▶ _RECORDED INFORMATION_

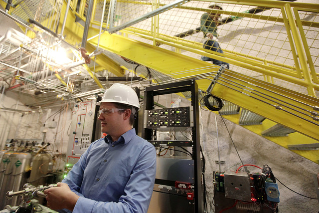 The lab, in a bright, clean space at the end of an old mining tunnel filled with pipes and electric cables, is reached by a 10-minute ride in an elevator that once carried miners. Gaitskell and McKinsey said the experiment has far less radiation interference from cosmic rays than any other dark-matter lab.
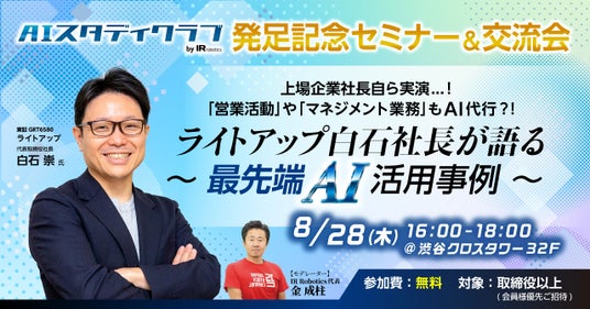 そして、今回なんとAIスタディクラブ発足を記念して、株式会社ライトアップ代表の白石様をゲストにお招きし、8/28(木)16:00~18:00に【取締役以上/先着40名様限定】で発足記念イベントを実施することが決定しました!
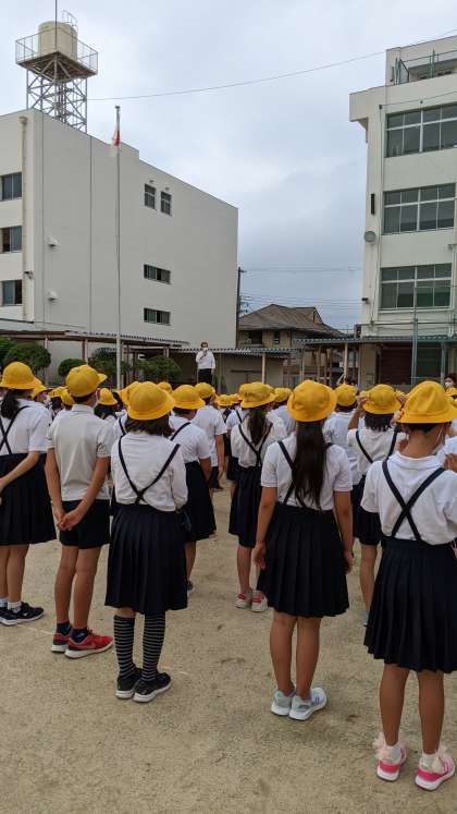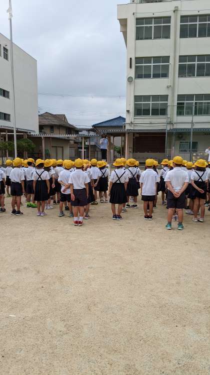 1学期も後1週間となりました。校長先生のお話は1学期の生活全般のまとめについてでした。生活指導の先生から、集団登校について、看護当番の先生からは今月の生活目標についてのお話がありました。

▶ _EXERCISE OBJECTIVE_
From the first line to the last, set down the data exactly, without the pictures.

▶ _REPLY TO THE EXERCISE_
 The lab, in a bright, clean space at the end of an old mining tunnel filled with pipes and electric cables, is reached by a 10-minute ride in an elevator that once carried miners. Gaitskell and McKinsey said the experiment has far less radiation interference from cosmic rays than any other dark-matter lab.
 そして、今回なんとAIスタディクラブ発足を記念して、株式会社ライトアップ代表の白石様をゲストにお招きし、8/28(木)16:00~18:00に【取締役以上/先着40名様限定】で発足記念イベントを実施することが決定しました!
 1学期も後1週間となりました。校長先生のお話は1学期の生活全般のまとめについてでした。生活指導の先生から、集団登校について、看護当番の先生からは今月の生活目標についてのお話がありました。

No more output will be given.